# Sleep and Dreams > Sleep and Health >  >  Sleep Paralysis ((Getting Scared))

## Katniss

Hello Katniss here,

I did read over some other threads similar to mine, but I've never talked to anyone about this and just wanted to share my experince with everyone. I am 14 years old and I have ((I think)) been experiencing sleep paralysis. 

I'll wake up in the middle of night or morning and I can't move AT ALL. It is TERRIFYING. My body is just stuck in a position and I can't move and when I try to call for help I can't get my mouth to work. My head feels so heavy, like someoneone was sitting on it. My body feels like there are vibrations going threw it and I feel like I'm going to DIE. The worse part? From what I heard and read this isn't uncommon, bit I'll hear and see things that aren't there. Sometimes during these incidents my eyes will be half open. One time my room started to change color and it looked like sparklers were exploding everywhere. I tried to scream but couldn't. Another time a giant wasp swooped down and was hovering above my face. There are voices like children or a huge thunderous roar that will constantly be in the background.

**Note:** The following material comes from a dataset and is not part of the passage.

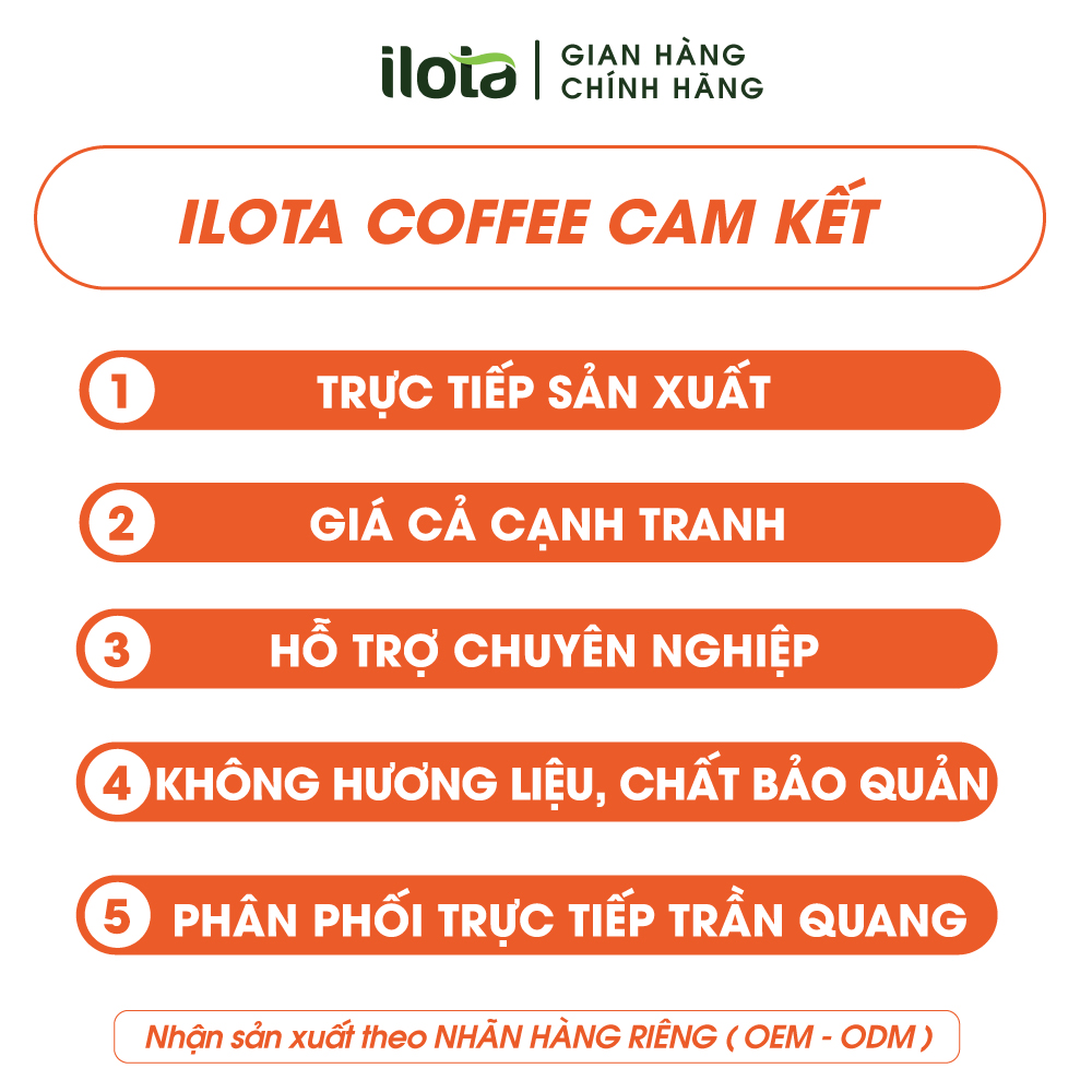 Mua tại TiktokCà phê ILOTA số 1 Espesso được chọn lựa nguyên liệu thượng hạng từ những hạt cà phê chin đỏ và rang bằng công nghệ Hotair tân tiến của máy rang Thuỵ Sĩ mang lại chất lượng vượt trội. Bạn cũng có thể dung để pha phin, pha coldbrew hoặc pha mokapot!

It happens to me often now that I've turned 14. I don't want to go to the docotors either.

 This all sounds crazy to me and I hope you know I'm not making this up!!! Thanks for reading 

-Kat :Oh noes:

----------


## snoop

Sleep paralysis is pretty normal (though it isn't normal to be conscious during it unless you're making an effort to).  Usually when I get it, it doesn't bother me at all.  Sometimes I'll hear or feel things that aren't there or couldn't be happening, but my eyes always stay closed to I never see anything.  Just stay calm and relaxed.  This might only be me, but if I really want to I can move during sleep paralysis and it will break it.  It feels as though I can't, but if I try I can.  Who knows though, I used to sleep walk a lot when I was younger so maybe my body is a bit dysfunctional.

----------


## RebelSeven

You should have no fear Kat, the sensations AND the imagery AND the feelings are documented normal SP experiences. I really don't think this is something you need to see doctors over unless you feel like it is affecting your waking life unduly. 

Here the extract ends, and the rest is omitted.